The findings from the pilot project also showed that, on multiple occasions, PAVA spray was not used properly or safely, and misuse has continued since it was rolled out across adult prisons. Official statistics show entrenched disproportionality in the impact of PAVA spray, including that a Black person in prison is significantly more likely to be sprayed than a White person. [You can read more about PAVA spray and how it has been used in the prison system to date here.]

These trends show that a rollout of PAVA spray would be catastrophic in prisons holding children, where force is used frequently and where the Chief Inspector of Prisons, Charlie Taylor, has said that the system is “failing to help children learn better ways to manage frustration and conflict”.

Only last month, we blogged about figures which show children being held in their cells routinely for up to 21 hours per day. These prisons hold disproportionately large numbers of children from racialised minorities, and there are already concerns about how much use of force these children are subjected to.

What does it say about a system when its leaders feel they need the power to spray chemicals in the eyes of children?

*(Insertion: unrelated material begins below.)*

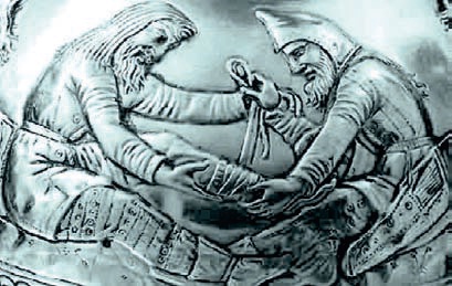О существовании у скифов врачей - профессионалов свидетельствует удивительный памятник изобразительного искусства Куль-Обская ваза, найденная в 1901 году при раскопках кургана близ г. Керчь. Ваза изготовлена из золота в V–IV веках до н. э. На ней искусной рукой мастера запечатлен образ врача - скифа, оказывающего медицинскую помощь другому скифу – войну. На одном из изображений врач делает перевязку конечности, на другом - удаляет зуб.

Click here for the key points about the campaign, and to watch a video of our Chief Executive, Andrea Coomber KC (Hon.) discussing the issue on Channel 4 News.

Comments

  • Louisa Maskell says:

    Using Pava at all is appalling and cruel. It must not be used on children!

  • Zana Dean says:

    Please phase out the use in adult prisons and don’t use on children.

  • Lee Morgan says:

    You have to wonder why we outlawed corporal punishment in schools when faced with Dickensian attitudes like this.

    We seem to do round in circles, from one bad idea to another and back again. I for one am sick and tired of listening to the same rhetoric surfacing simply because politicians don’t have the bandwidth to come up with something original that works.

    A bunch of halfwits, the whole bally lot of them!

  • Tess Berry-Hart says:

    Spraying chemical irritants at incarcerated people, whether children or adult, is a clear violation of human rights and state sanctioned violence!